E o conhecimento de tal questão não constitui de modo algum um excesso de pronúncia deste Tribunal de apelação, nem, muito menos, uma decisão surpresa, porquanto, a Recorrente primitiva, atentas as conclusões do recurso interposto contra a decisão da 1.ª instância, a tal temática o exigiu directamente (à nossa pronúncia), conforme se pode constatar das seguintes conclusões recursivas (as da Recorrente primitiva):
14. a omissão do despacho de aperfeiçoamento gera uma nulidade processual, visto que se trata, dado o seu caráter de vinculatividade, da omissão de uma formalidade que a lei prescreve e cuja omissão pode influir no exame e na decisão da causa.
15. Ora, in casu é a obrigação do juiz convidar as partes a suprir as deficiências dos seus articulados é um poder- dever, isto é, um poder vinculado que o juiz não pode deixar de cumprir sob pena de incorrer numa nulidade processual por a omissão por ele cometida ser suscetível de influir no exame e na decisão da causa.
16. No caso dos autos, é inequívoco que impendia sobre o Tribunal a quo o poder-dever de convidar a Requerente a dar cumprimento ao disposto no n.º 5 do artigo 114.º do CPTA na fase prévia ao despacho liminar, mas não o tendo feito, o mesmo incorreu numa nulidade processual, devendo, por isso, ser anulada a sentença proferida nestes autos.
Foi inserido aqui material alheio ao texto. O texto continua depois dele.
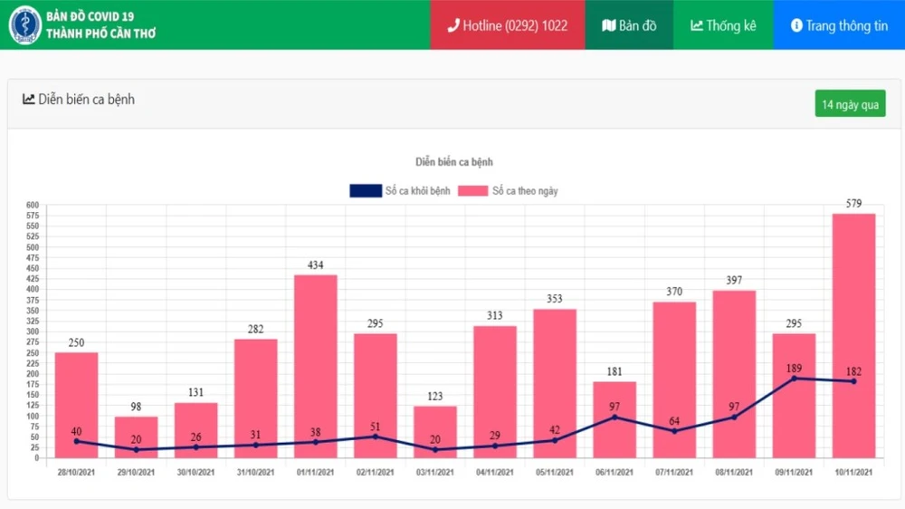 Hôm nay Cần Thơ lại lập "kỷ lục" về số F0 mới trong ngày với 579 ca. Ảnh: Cổng thông tin COVID-19 Cần Thơ.
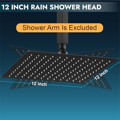 ?Durability design?: 0.08 inch thick and air-in technology to make the Square Shower Head strong and provide high pressure?optimized for any water pressure, 12 inch super large full cover the body.

Aliás, a Recorrente primitiva não termina a sua peça de recurso sem pedir ainda a anulação do “saneador-sentença, julgando como não existindo contrainteressados, directamente prejudicados pela adoção da providência aqui em causa, ou caso assim não se entenda,
Determinar à 1.ª Instância, que dirija convite à Recorrente para que supra o vício de que padece o seu articulado inicial.”
Portanto, o ora Recorrente, ao dizer agora que “a Q... não alegou ou concluiu que, em qualquer circunstância, mesmo após o momento do artigo 114.º, n.º 5, do Código de Processo nos Tribunais Administrativos e a prolação do despacho liminar a que se refere o respetivo artigo 116.º, o Tribunal de primeira instância devesse notificá-la para suprir a falta de identificação de contrainteressados”, cria uma mera aparência de nulidade, pois, como vimos, a Recorrente primitiva não só suscitou a omissão do despacho de convite preconizado no n.º 5 do artigo 114.º do CPTA, como também demandou do Tribunal de apelação uma solução jurídica que lhe permitisse, mesmo que já ultrapassada a fase do despacho liminar, a anulação da decisão recorrida, com a necessária retroação dos actos processuais até ao ponto em que a 1.ª instância deverá proferir o acto omitido, isto é, no fim de contas, o despacho-convite para o suprimento da falta de indicação dos contrainteressados no requerimento inicial. Este era o cerne do presente processo e residia aí mesmo a 2.ª questão fundamental a sindicar pelo recurso, o que foi feito sem qualquer excesso ou surpresa por este Tribunal de apelação.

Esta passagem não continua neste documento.